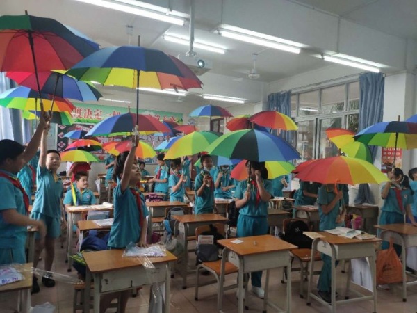 下午,各班開展《五彩的六一》活動,先是各班進行征集“我的小心愿”活動,孩子們圍繞國家發展和社會建設相關主題(如社會風尚、城市發展、鄉村振興、傳統文化、教育科技、生態環保等),圍繞創新開展少先隊活動(如“爭做新時代好隊員”、社會實踐、志愿服務、夏冬令營等),圍繞少先隊員健康成長(如體育鍛煉、勞動教育、文化活動、安全自護、身心健康等),圍繞少先隊組織改革發展等,以文字的形式寫下來,然后互相分享,也有的張貼在心愿墻。然后各班開展活動,有的看電影,有的在班內開展小游戲。活動結束時,學校送給每個學生一把“五彩傘”,希望每一個孩子都有一個五彩斑斕的童年。
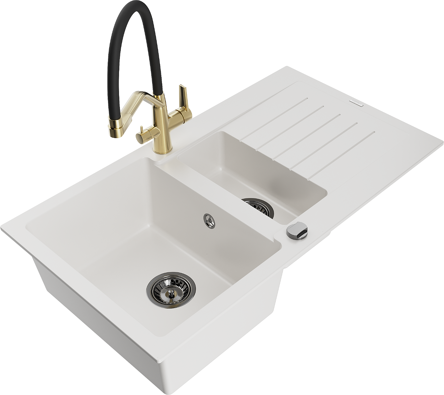 Mexen Matias žulový dřez 1,5komorový s odkapávačem a kuchyňskou baterií Duo, bílý - 6502-20-671701-57-B
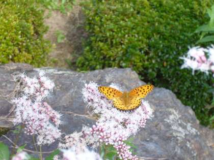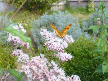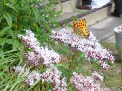 フジバカマにアサギマダラのほかにツマグロヒョウモンも来ていました。見ての通り「ヒョウ」がらなのでその名前がついています。パンジーやスミレにもよく来ます。
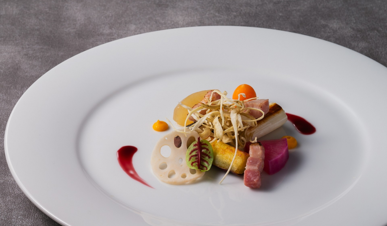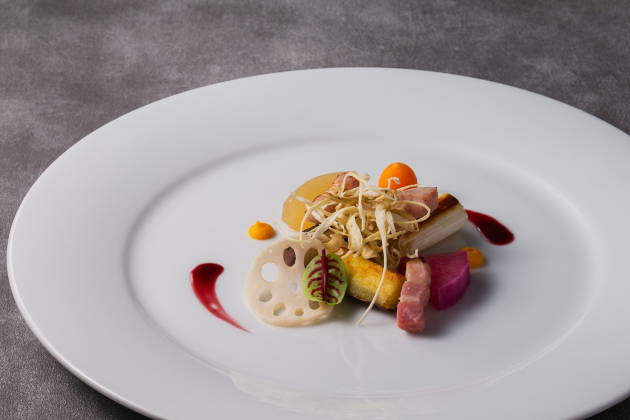 魚料理と肉料理のダブルメイン。ボリューム感と美しさを維持しながら、カジュアルにも楽しめるコースです。
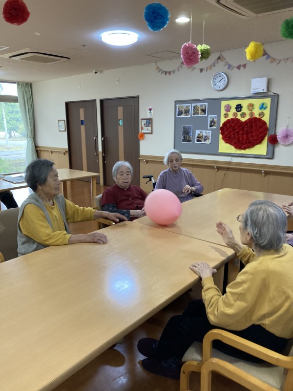 雨の日でも体操や風船バレー、室内の歩行運動を行っています!(^^)!
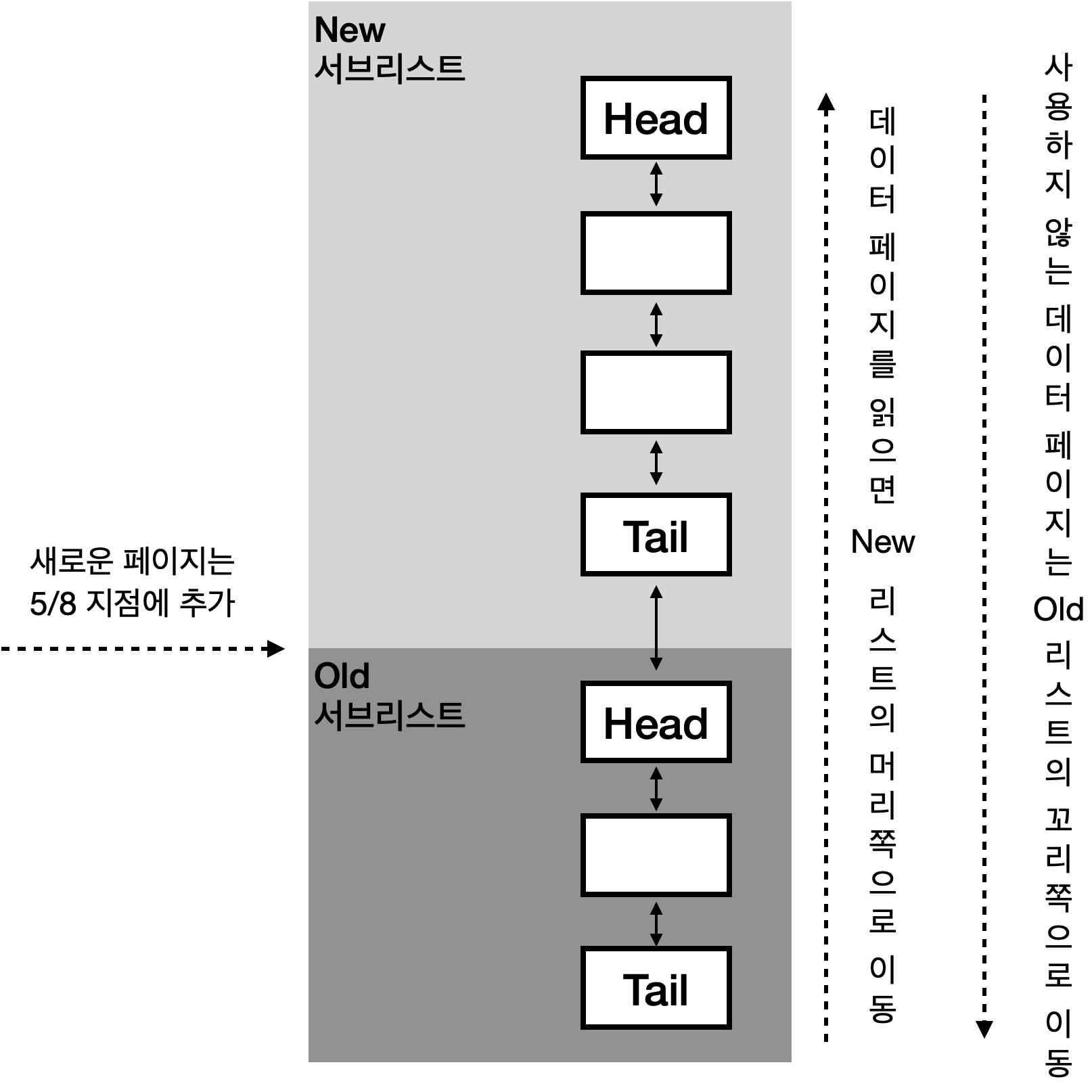 자주 사용되면 MRU에 계속 있고, 아니면 LRU의 끝으로 밀려나서 InnoDB버퍼풀에서 제거

About this task ▸ Return the full set of lines above word for word and with no pictures.

Task solution ▸
 下午,各班開展《五彩的六一》活動,先是各班進行征集“我的小心愿”活動,孩子們圍繞國家發展和社會建設相關主題(如社會風尚、城市發展、鄉村振興、傳統文化、教育科技、生態環保等),圍繞創新開展少先隊活動(如“爭做新時代好隊員”、社會實踐、志愿服務、夏冬令營等),圍繞少先隊員健康成長(如體育鍛煉、勞動教育、文化活動、安全自護、身心健康等),圍繞少先隊組織改革發展等,以文字的形式寫下來,然后互相分享,也有的張貼在心愿墻。然后各班開展活動,有的看電影,有的在班內開展小游戲。活動結束時,學校送給每個學生一把“五彩傘”,希望每一個孩子都有一個五彩斑斕的童年。
 Mexen Matias žulový dřez 1,5komorový s odkapávačem a kuchyňskou baterií Duo, bílý - 6502-20-671701-57-B
 フジバカマにアサギマダラのほかにツマグロヒョウモンも来ていました。見ての通り「ヒョウ」がらなのでその名前がついています。パンジーやスミレにもよく来ます。
 魚料理と肉料理のダブルメイン。ボリューム感と美しさを維持しながら、カジュアルにも楽しめるコースです。
 雨の日でも体操や風船バレー、室内の歩行運動を行っています!(^^)!
 자주 사용되면 MRU에 계속 있고, 아니면 LRU의 끝으로 밀려나서 InnoDB버퍼풀에서 제거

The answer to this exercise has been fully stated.